Now the general dismantling of public health care is taking its toll in a dramatic way. He avenges himself on the patient and, even more fatally, he avenges the women who raised the alarm a long time ago. The Berlin nurse Nina Magdalena Böhmer posted on Facebook “You can put your applause anywhere else” and calls for solidarity and political action for the nurses instead of singing and applause. How right she is!

Even if you live in a four-room apartment, the ceiling can fall on your head after a short time. How much more difficult is the situation for families who already live in cramped living conditions under normal conditions? No children's playground open, no garden, no balcony, where the children can simply be sent to the fresh desire.

[Lesen Sie auch: Die Eltern sollen nicht die Lehrerrolle übernehmen – ein Psychologe gibtTipps für den Heimunterricht.]

Who is supposed to be able to do his or her job at home in a video conference while the homework for the children is being emailed? What does this ask of the mothers who monitor their homework “in normal operation” when they are now required to act as assistant teachers?

Not to mention the Women whose mother tongue is not German and who do not understand the tasks themselves and cannot support their children in learning?
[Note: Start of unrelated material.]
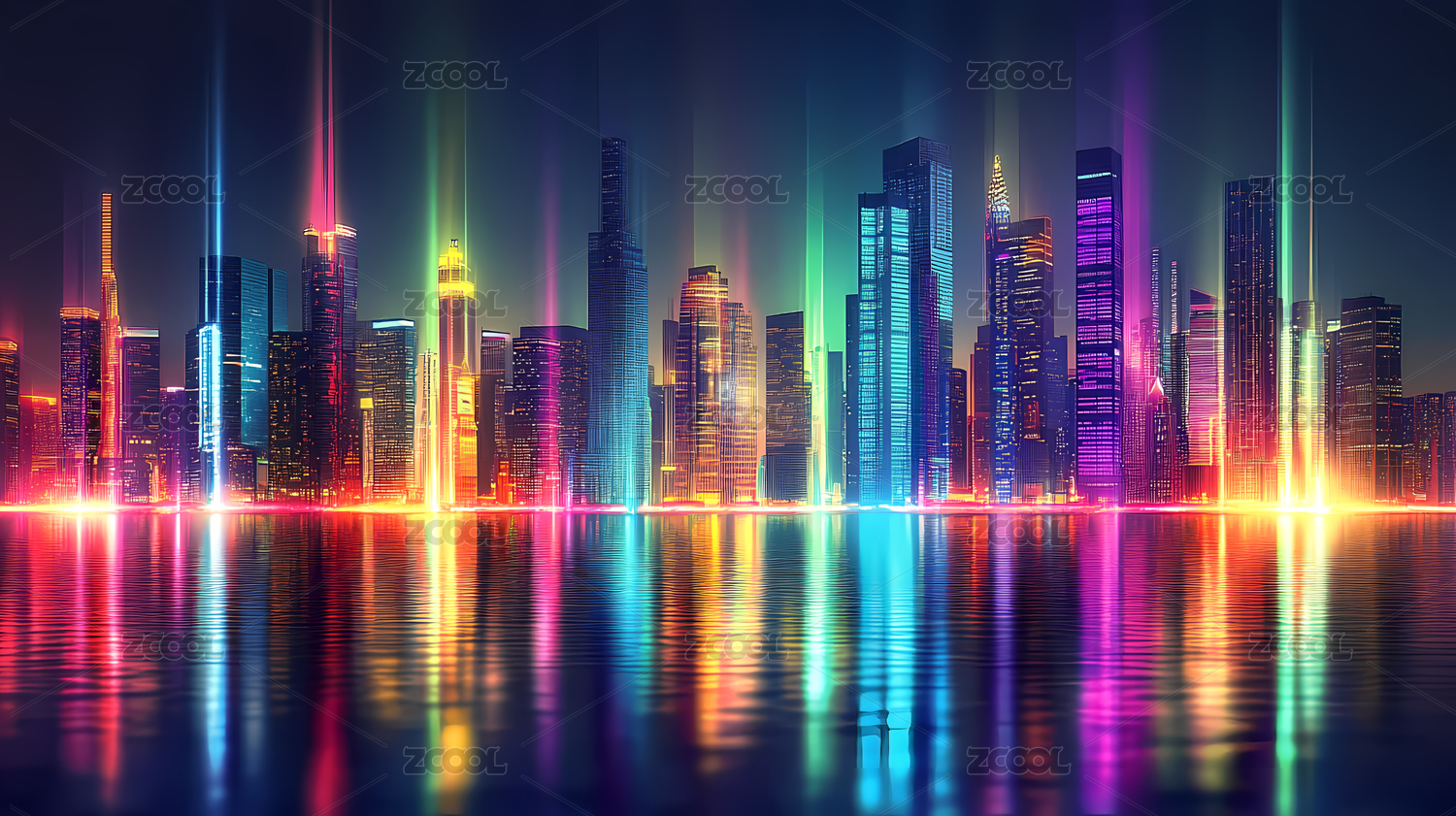 城市,都市,夜景,摩天大楼,建筑,灯光,倒影,水面,现代化,繁华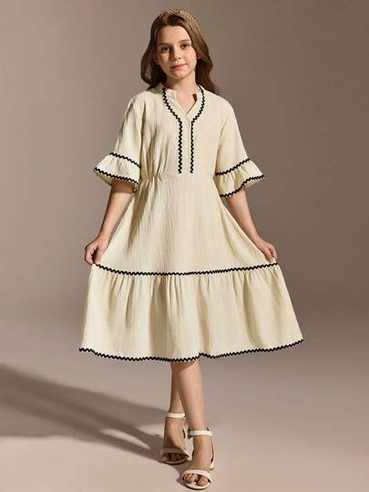 少女夏季休闲度假风V领撞色波浪纹饰带荷叶袖腰带连衣裙 - 杏色 - 查看 5

It is not just a question of how “The economy” should get going again after the corona crisis. That is much too short. The question is how to alleviate the social conflicts at close range and how to correct the social inequalities exacerbated by the crisis. I fear “business as usual”: the revived economic output is being announced with increasing growth rates, women are allowed to clear away the trash.

In the US, Boeing has 60 Billions of dollars in state funding required – and approved by Congress. The care sector has demanded 50 billions – and is getting 3.5 billion. Any questions?